Fox Sports continues to make good pictures for HDTV, but even on this first effort, it seems like they are overwhelmed by their own toys. Race fans want to watch the event with some feeling of continuity, which is tough to do when as many as ten different camera angles are used on only one lap. In-car cameras need to have graphics identifying who viewers are seeing, as often it also takes the announcers a moment to get their bearings.

This season Krista Voda is a wonderful addition to the Fox NASCAR coverage. She is a versatile and credible announcer who navigates the tension and personalities of the Nextel Cup Series with ease and grace. Her addition will pay dividends far beyond her pit reporter duties on raceday.

Fox Sports has decided to exclude the new or casual fan of NASCAR in this year's coverage. The format of the Bud Shootout was never explained, highlights of the participating drivers were never shown, and it was simply assumed that viewers knew who drivers were, including the likes of David Gilliand and Boris Said. Perhaps, addressing the issue of new fans might be a positive step for Fox before the actual Daytona 500 broadcast. This is a wonderful opportunity to do just that in primetime on a Saturday night.

Fox Sports Bud Shootout Pre-Race

Any NASCAR season that begins with the confused tones of Chris Myers can't bode well for Fox Sports. Myers continues to look and feel like maybe his medication needs to be adjusted slightly. He is just fundamentally not at ease in the NASCAR environment, and it shows time-and-time again.

For NASCAR fans returning to network television coverage of the sport for the first time since 2006, it seemed strange for Fox to rush through the NASCAR news in order to get to a country singer. With two country music channels on my cable system fulltime, perhaps viewers would have been better served with a pre-produced recap of the 2006 action, including how the Bud Shootout drivers got themselves into the event. Dierks Bentley can wait.

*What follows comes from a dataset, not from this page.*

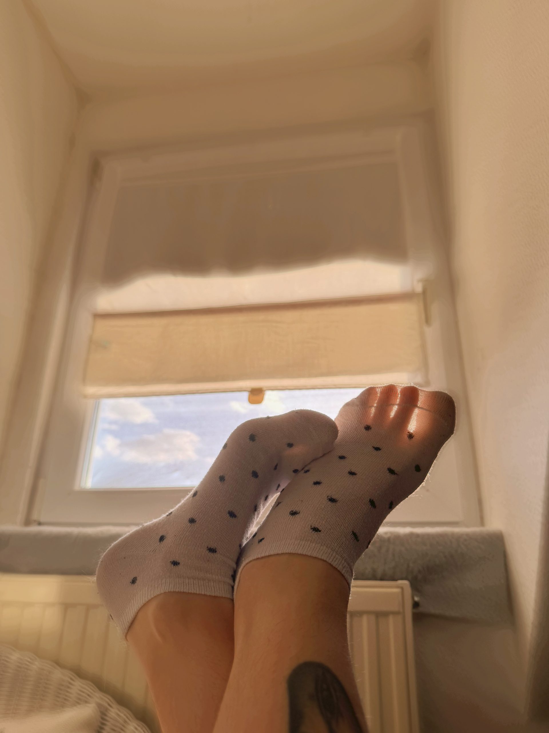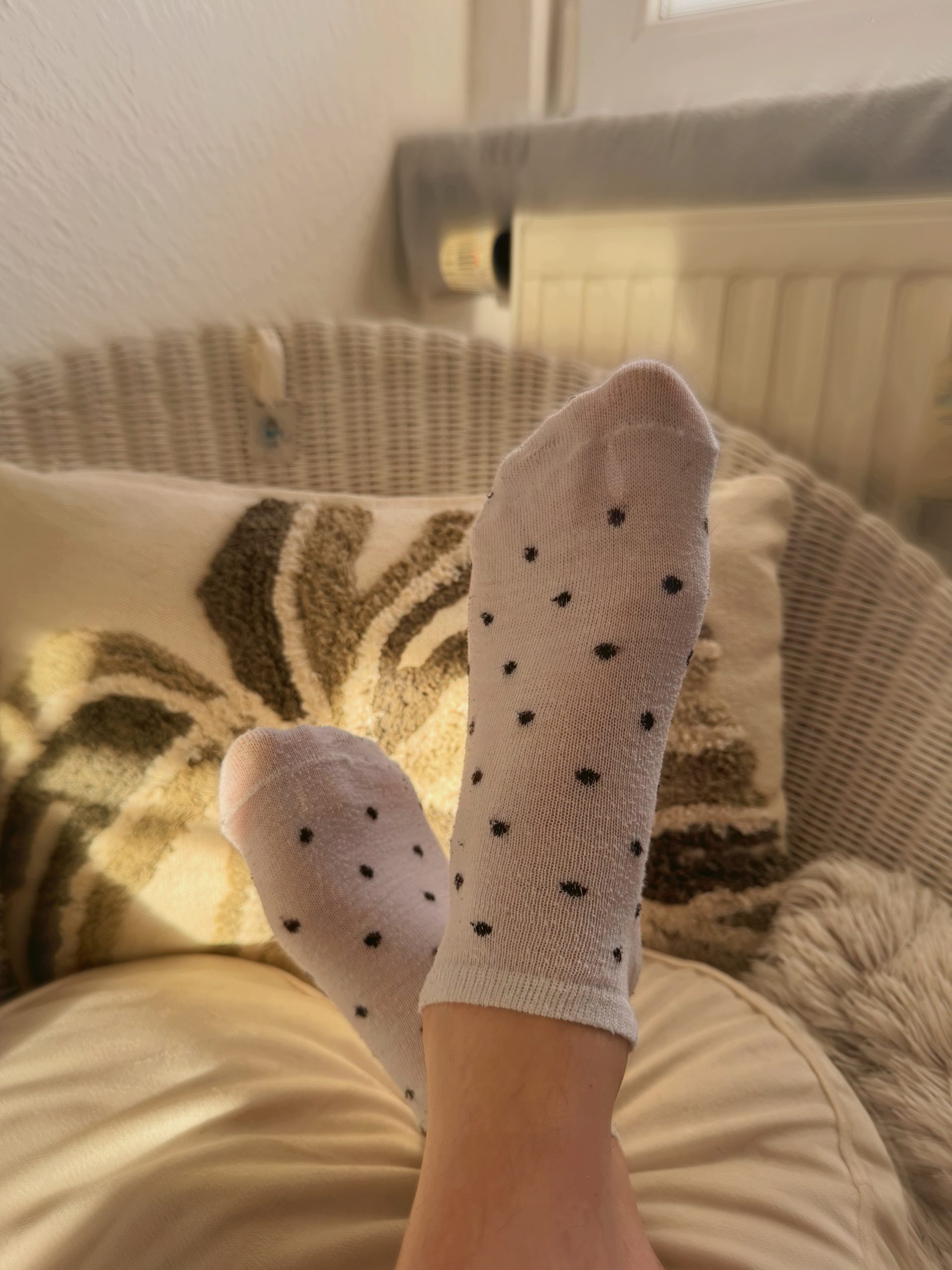 Diese weißen Strümpfe mit schwarzen Punkten haben mich den ganzen Tag begleitet – unterwegs, zuhause und bei allem, was dazwischen passiert ist.

In a flashback of 2006, the Fox announcers began the process of slowly pounding their personal sponsors and interests into the viewers brains, which was the chief complaint heard nationwide last season. Its very clear that any other network would have excluded Darrell Waltrip from speaking in factual terms about Toyota, a company he endorses and is compensated very well to represent. This is a conflict of interest that should not be tolerated, but Fox seems to be unrepentent in their continual merging of truth and opinion.

The pre-race show provided a wobbling start to the 2007 season, it will be interesting if the ultimate professional Mike Joy can pull the race telecast up to an acceptable level. The only positive note is that this progam was a full thirty minutes without any on-camera presence from Toyota's Michael Waltrip.